**Task goal:**
Output the data that follows, keeping every line identical.

-- Supplied data follows --

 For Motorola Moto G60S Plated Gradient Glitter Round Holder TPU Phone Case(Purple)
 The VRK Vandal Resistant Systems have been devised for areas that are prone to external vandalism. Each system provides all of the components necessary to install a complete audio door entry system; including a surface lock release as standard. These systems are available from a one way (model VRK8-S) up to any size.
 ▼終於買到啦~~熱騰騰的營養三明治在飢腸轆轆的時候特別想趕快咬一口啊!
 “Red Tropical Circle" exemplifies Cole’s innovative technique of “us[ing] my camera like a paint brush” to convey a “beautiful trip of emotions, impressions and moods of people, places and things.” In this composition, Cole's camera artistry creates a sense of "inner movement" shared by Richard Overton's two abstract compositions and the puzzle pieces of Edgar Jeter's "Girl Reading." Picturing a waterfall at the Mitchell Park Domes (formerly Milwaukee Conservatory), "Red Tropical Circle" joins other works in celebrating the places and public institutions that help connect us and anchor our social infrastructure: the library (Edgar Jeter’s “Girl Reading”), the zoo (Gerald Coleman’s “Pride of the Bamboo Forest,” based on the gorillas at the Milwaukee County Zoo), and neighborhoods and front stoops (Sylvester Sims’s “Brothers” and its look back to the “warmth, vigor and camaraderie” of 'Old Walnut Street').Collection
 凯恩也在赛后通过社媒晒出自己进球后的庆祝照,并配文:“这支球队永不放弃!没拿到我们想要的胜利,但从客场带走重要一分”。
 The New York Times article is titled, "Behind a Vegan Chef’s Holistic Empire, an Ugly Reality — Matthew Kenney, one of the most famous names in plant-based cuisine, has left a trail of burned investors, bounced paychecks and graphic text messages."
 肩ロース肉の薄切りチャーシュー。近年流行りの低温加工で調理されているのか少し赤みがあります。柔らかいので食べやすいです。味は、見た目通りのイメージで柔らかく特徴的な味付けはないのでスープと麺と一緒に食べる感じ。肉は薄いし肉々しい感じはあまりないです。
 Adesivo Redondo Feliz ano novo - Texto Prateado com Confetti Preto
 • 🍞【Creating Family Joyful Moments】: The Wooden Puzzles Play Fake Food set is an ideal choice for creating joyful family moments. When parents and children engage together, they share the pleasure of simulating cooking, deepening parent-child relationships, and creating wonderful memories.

-- Supplied data concluded --

**Task response:**
 For Motorola Moto G60S Plated Gradient Glitter Round Holder TPU Phone Case(Purple)
 The VRK Vandal Resistant Systems have been devised for areas that are prone to external vandalism. Each system provides all of the components necessary to install a complete audio door entry system; including a surface lock release as standard. These systems are available from a one way (model VRK8-S) up to any size.
 ▼終於買到啦~~熱騰騰的營養三明治在飢腸轆轆的時候特別想趕快咬一口啊!
 “Red Tropical Circle" exemplifies Cole’s innovative technique of “us[ing] my camera like a paint brush” to convey a “beautiful trip of emotions, impressions and moods of people, places and things.” In this composition, Cole's camera artistry creates a sense of "inner movement" shared by Richard Overton's two abstract compositions and the puzzle pieces of Edgar Jeter's "Girl Reading." Picturing a waterfall at the Mitchell Park Domes (formerly Milwaukee Conservatory), "Red Tropical Circle" joins other works in celebrating the places and public institutions that help connect us and anchor our social infrastructure: the library (Edgar Jeter’s “Girl Reading”), the zoo (Gerald Coleman’s “Pride of the Bamboo Forest,” based on the gorillas at the Milwaukee County Zoo), and neighborhoods and front stoops (Sylvester Sims’s “Brothers” and its look back to the “warmth, vigor and camaraderie” of 'Old Walnut Street').Collection
 凯恩也在赛后通过社媒晒出自己进球后的庆祝照,并配文:“这支球队永不放弃!没拿到我们想要的胜利,但从客场带走重要一分”。
 The New York Times article is titled, "Behind a Vegan Chef’s Holistic Empire, an Ugly Reality — Matthew Kenney, one of the most famous names in plant-based cuisine, has left a trail of burned investors, bounced paychecks and graphic text messages."
 肩ロース肉の薄切りチャーシュー。近年流行りの低温加工で調理されているのか少し赤みがあります。柔らかいので食べやすいです。味は、見た目通りのイメージで柔らかく特徴的な味付けはないのでスープと麺と一緒に食べる感じ。肉は薄いし肉々しい感じはあまりないです。
 Adesivo Redondo Feliz ano novo - Texto Prateado com Confetti Preto
 • 🍞【Creating Family Joyful Moments】: The Wooden Puzzles Play Fake Food set is an ideal choice for creating joyful family moments. When parents and children engage together, they share the pleasure of simulating cooking, deepening parent-child relationships, and creating wonderful memories.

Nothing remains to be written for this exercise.